After a pause, McAlpin said, “Imagine you are quiet, timid, rather conventional, and not long out of a middle-class fee-paying school which prides itself on producing genteel young ladies. You are chased by a clever peculiar boy. He’s polite but his clothes and hair have paint on them, he breathes heavily and his skin is often … mmmm … medically interesting. How would you react? Remember, you’ve been brought up not to hurt people.”

Thaw said, “I’ve thought of that. And next time we meet I’ll nod to her distantly and she’ll be specially inquiring and charming. She’ll suggest we have coffee together. Oh, she wants me. Slightly. Sometimes.”

“Maybe she’s frigid.”

“Of course she’s frigid. So am I. But nobody stays the same forever and even lumps of ice, surely, will melt if they rub together long enough. Perhaps she’s not frigid. Perhaps she loves someone else.”

“She’s honest, Duncan—I doubt if there’s anyone else.”

“Do you? I would doubt but … she’s so much more bonny each time I see her that I feel she must love somebody.”
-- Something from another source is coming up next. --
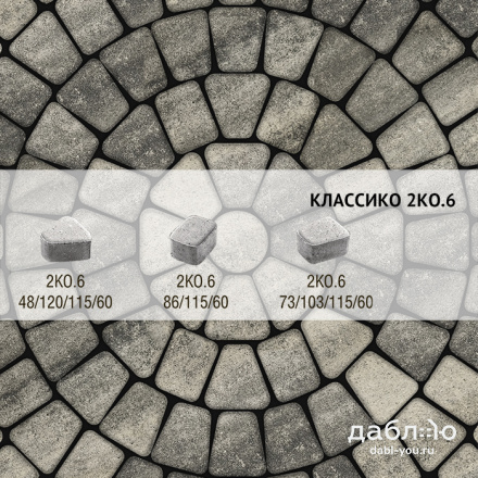 Брусчатка Выбор Классико Листопад 2КО.6 М Антрацит. Бетонная тротуарная плитка из серии Классико. Эта коллекция отличается сходством с натуральным камнем и правильной геометрической формой.Высота: 60 мм

McAlpin said, “Hm!” and glanced sideways at Thaw beneath lethargic eyelids.

He sat on the top deck of the homeward tramcar and his rage at her, increased with the distance between them. A voice said, “Hullo, Duncan.”

It took a moment to recognize June Haig, who was going downstairs. He rose and followed, saying, “Hullo, June. You are a bad girl.”

“Oh? Why that?”

“Last year you kept me waiting for nothing for a whole hour at Paisley’s corner.”

She gave him a quick startled smile. “Did I? Oh, yes. Something happened.”

He saw that she didn’t remember. He grinned and said “Don’t worry. The point is …” —the tramcar stopped and they crossed to the pavement— “the point is, will you forget again if we arrange to meet again?”

“Oh no.”

“Yes you will, if we don’t meet soon. What about Paisley’s corner tomorrow night? About seven?”